Bug 240012
Description
Richard W.M. Jones
2007-05-14 11:52:37 UTC
This segfault is _not_ coincident with the "lost console" when starting an install from virt-manager. rip 000000000040c7f4 seems to be sraSpanInsertBefore+4 40c7f0: 48 8b 46 08 mov 0x8(%rsi),%rax 40c7f4: 48 89 37 mov %rsi,(%rdi) 40c7f7: 48 89 47 08 mov %rax,0x8(%rdi) 40c7fb: 48 8b 46 08 mov 0x8(%rsi),%rax 40c7ff: 48 89 7e 08 mov %rdi,0x8(%rsi) 40c803: 48 89 38 mov %rdi,(%rax) 40c806: c3 retq static void sraSpanInsertBefore(sraSpan *newspan, sraSpan *before) { newspan->_next = before; newspan->_prev = before->_prev; before->_prev->_next = newspan; before->_prev = newspan; } newspan must have been null. Before I investigate all possible callers, let's try to capture a core dump. Richard, could you take care of that? Created attachment 154832 [details]
Core dump
This is the core dump.
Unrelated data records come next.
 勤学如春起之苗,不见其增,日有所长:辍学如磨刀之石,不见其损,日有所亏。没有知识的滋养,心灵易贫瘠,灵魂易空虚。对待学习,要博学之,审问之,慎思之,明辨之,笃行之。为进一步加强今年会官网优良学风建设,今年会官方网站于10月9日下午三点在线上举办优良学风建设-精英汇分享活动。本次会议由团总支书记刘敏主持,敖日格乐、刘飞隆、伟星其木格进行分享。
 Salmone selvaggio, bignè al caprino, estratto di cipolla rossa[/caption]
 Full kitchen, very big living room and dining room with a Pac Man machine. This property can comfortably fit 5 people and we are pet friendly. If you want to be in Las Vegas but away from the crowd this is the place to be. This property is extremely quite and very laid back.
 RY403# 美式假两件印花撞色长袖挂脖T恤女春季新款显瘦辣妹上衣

I'm going to upload the corresponding binary next - it
is slightly different because I have recompiled xen on this machine (to apply
another patch).
Created attachment 154833 [details]
Binary of xen-vncfb matching preceeding coredump.
This is the binary which matches the preceeding coredump.
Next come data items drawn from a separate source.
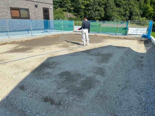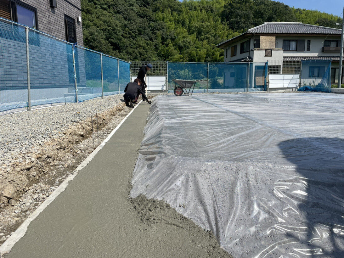 四国中央市にてご新築の基礎工事が着工しました。   基礎工事の始まりは、土地の床掘から始まります。 それぞれお家には、土地の高さにあわせて仕上りの高さを 設定しています。 その高さにあうように既存の地面を掘る作業が必要です。 床掘後は、シロアリ対策の土壌処理を行います。 クリエイト伸では、地盤面と木材(床の土台・構造用合板、基礎外周部、柱高1Mほど)に シロアリ対策を行っています。 土壌処理を行った後、防湿シートを敷きます。 このシートにより、地面から基礎に湿気が流れ込むことを防ぎます。   シート施工後は、型枠を組めるように、 ステコンクリート(ベースコンクリート)を打設します。 この作業ののち、型枠→鉄筋組みと工事が進んでいきます。   これから工事の流れを追ってご紹介していきます!   工務部 大西
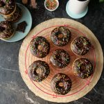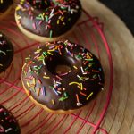 Dip one side of doughnuts in melted chocolate and place it on wire rack to allow excess melted chocolate to drip off.
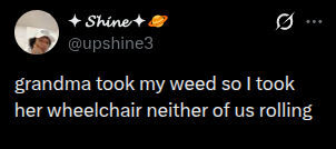 And she won’t be needing that wheelchair anytime soon with all that weed. Unless she gets the munchies and runs out of food, but let’s face it, a grandma’s house never runs out of food.
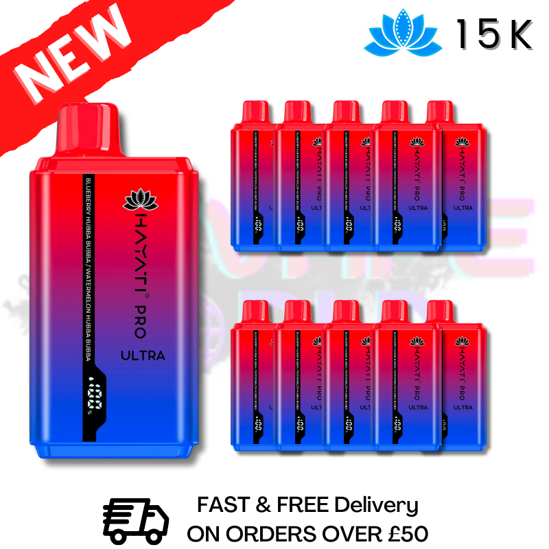 Blueberry Hubba Bubba / Watermelon Hubba Bubba Hayati Ultra Pro 15000 Puff 15K Bar Twist Disposable Box / Pack Of 10 is a whimsical vape with the essence of sweet and fruity blueberry bubblegum, delivering a chewy cloud that's both playful and delightful.
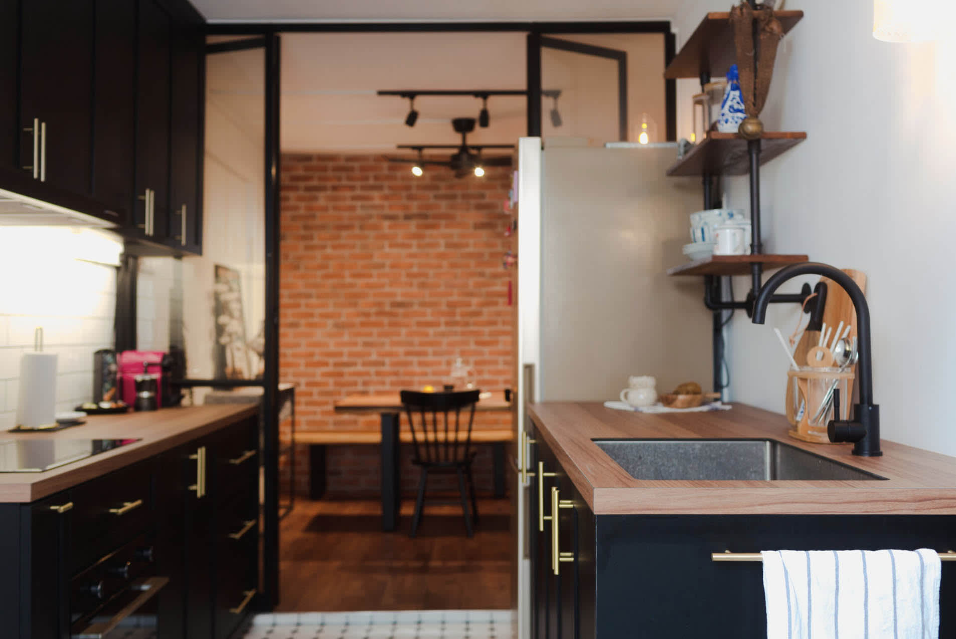 Post-reno, the updated kitchen exudes chic café vibes with black cabinets, shaker style details and brass accessories.
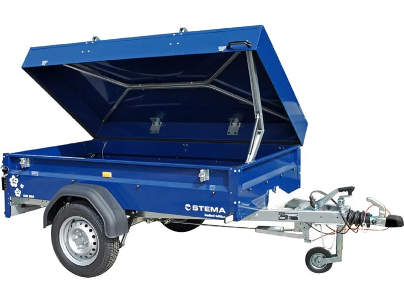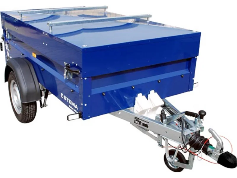 Mit dem Stema Anhänger Blue Man 850 sind Sie perfekt für den Pkw-Urlaub gerüstet. Das Fassungsvermögen von 1250 Litern sorgt für ausreichend Stauraum und mit dem verschließbaren Metalldeckel ist Ihr Transportgut vor jeder Witterung geschützt.
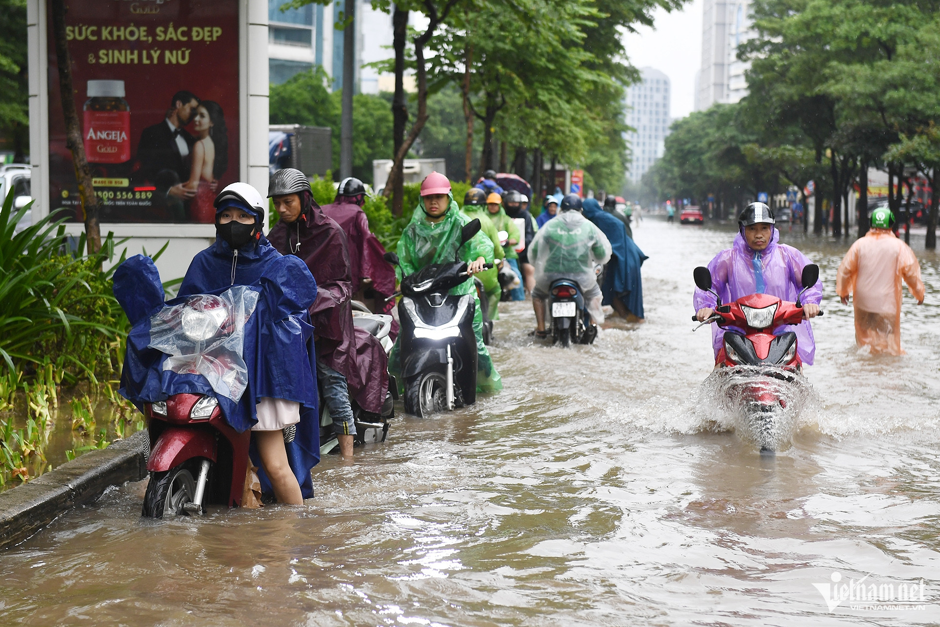 Cảnh tương tự tại phố Dương Đình Nghệ, dưới chân tòa nhà cao thứ nhì Việt Nam. Nơi đây được người dân gọi vui là "cảng nước sâu Keangnam" do cứ mưa lớn là biến thành "sông".
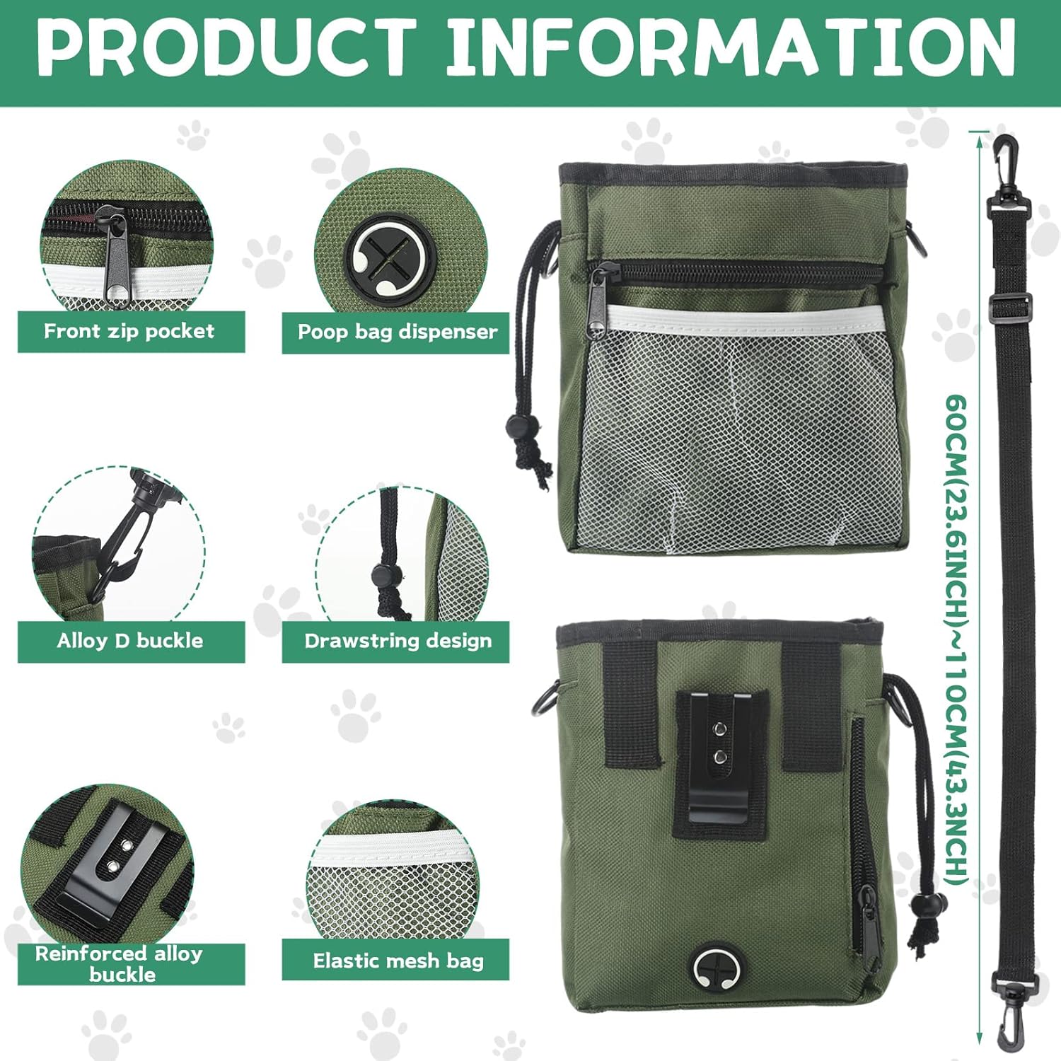 - Reliable to Store: the dog walking fanny pack is made of quality 600D oxford cloth and net cloth, credible and safe, not easy to fade, break or leak; With drawstring closure design, the bag can keep your pet treats safe, without worrying about leaking

Created attachment 154848 [details]
Coredump with symbols
Created attachment 154849 [details]
Binary file matching the above coredump with symbols
I'm sorry, but the binary in attachment 154849 [details] is stripped. Can I have one with
symbols?
Created attachment 154900 [details]
Binary file matching the above coredump with symbols (2nd version)
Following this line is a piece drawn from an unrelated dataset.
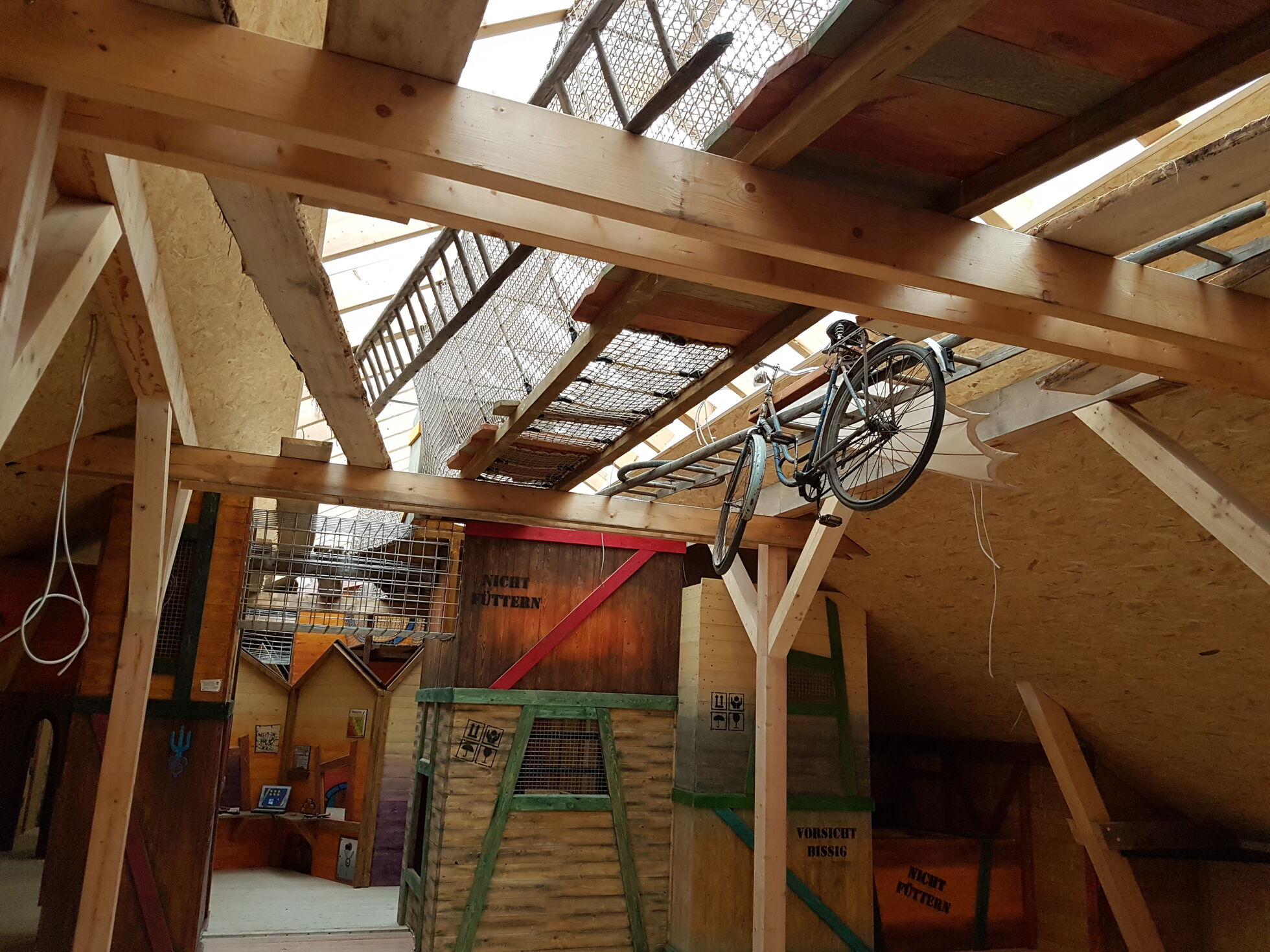 Für die KeHo-Halle stand die Erfindung ganz eigener Themen-Welten an: über dem Bereich „Stadtleben“ gibt es einmal den „Dschungel“ und gleich daneben den „Mangrovenwald“

Sorry about that. Try this one.
Created attachment 154903 [details]
Another core dump
This core dump has a slightly different stack trace, although it's in the same
general area of the code.
Created attachment 154904 [details]
Another core dump
And another core dump, with yet again a slightly different stack trace,
although the same area of the code.
Created attachment 154905 [details]
Another core dump
And another one - again with a different stack trace from the others.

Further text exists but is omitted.